Conclusion: Supracondylar fracture is a frequent injury with relatively high risk of complications. Some questions of the optimal treatment have still not been answered and need further research.

Keywords:

Supracondylar fracture – urgent surgery – percutaneous pinnig – cubitus varus

Introduction

Elbow injuries are the reason for about 1–3 % of all acute visits of paediatric and adolescent patients [2]. This number is likely to continue to grow, given that since 2010 we have seen an increase in children‘s sports activity in the Czech Republic and the popularity of riskier outdoor sports has been increasing. [12]. Fractures in the region of the elbow joint represent about 5–10 % of all children‘s fractures. The most common of these are the supracondylar fractures - 55–70 % [7,19].

There are numerous classification schemes, the most globally used of which is the Gartland classification (1959), traditionally defining 3 types of fractures. Type I – non-dislocated fractures or fractures with minimal dislocation up to 2mm, respectively.
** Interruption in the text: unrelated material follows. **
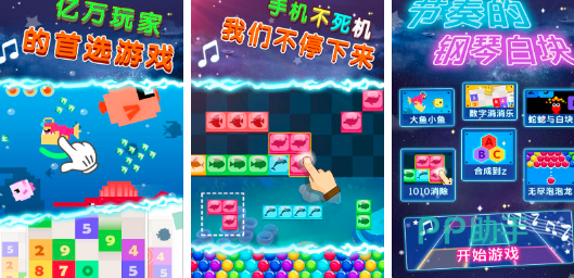 钢琴白块游戏通过点击钢琴块来完成演奏,沉浸式参加钢琴演奏的挑战吧!将每个钢琴块进行观察,提前预判之后再点击正确的方块。演奏优美的乐曲,还有打砖块或者泡泡龙以及经典消除的玩法,凭借观察完成来获得金币。轻松解开更多的关卡哦!每个都是好玩的模式,上亿的玩家都在挑战让你停不下来,快来点击钢琴白块或者消除游戏来闯关!
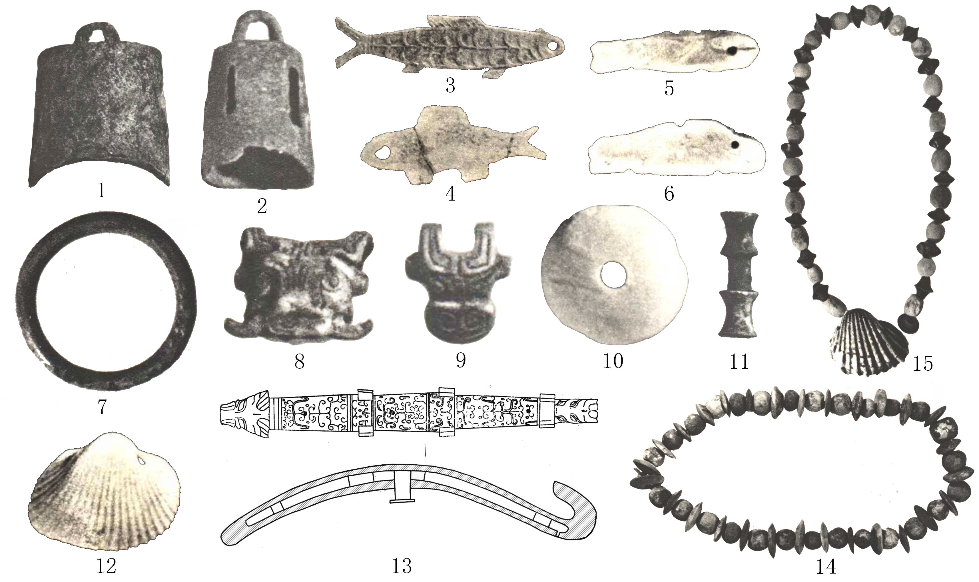 1、2.铜铃(M2:2、M48:41) 3、4:铜鱼(M49:6、M30:14) 5、6:蚌鱼(同号,M30:26) 7.铜环(M30:45) 8、9.铜饕餮头(M48:42、M30:34) 10.铜泡(M48:47) 11.铜细腰(M30:13) 12.蛤蜊壳(M48:45) 13.玉带钩(M3:9) 14、15:骨石串珠(M2:4、M52:114)

Type 2 – fractures dislocated with fragments in contact with intact dorsal periosteum of the humerus, which was subsequently divided by Wilkins (1984) into type IIA – without rotatory dislocation - and type IIB – with a proportion of rotatory dislocation, type III – grossly dislocated fractures without contact of fragments, unstable in extension, in which dorsal periosteum is usually partially preserved [9, 13]. Type IV of Gartland classification is newly distinguished, which includes fractures significantly unstable, with a tendency to dislocation into both flexion and extension, difficult to reduce. Usually, this type is only detected during handling at the operating room and it is assumed to have a total disrupture of the humeral periosteum [13].

In our conditions it is necessary to mention the classification according to Havránek, which emphasizes the variability of fractures and different treatment procedures. It defines six types of fractures. Type 0 – nondislocated fractures, Type 1 – extension fractures, Type 2 – flexion fractures, Type 3 – indifferent fractures with significant ad latus dislocation in the frontal plane, without a clear share of flexion/extension component. These are highly unstable, difficult to treat fractures, Type 4 high fractures, which are characterized by relatively easy reduction, but pronounced instability, and finally Type 5 involving atypical fractures (with break-out of the medial or lateral column, separate fragment of epicondyle and intercondylar „T"-shaped fractures [10].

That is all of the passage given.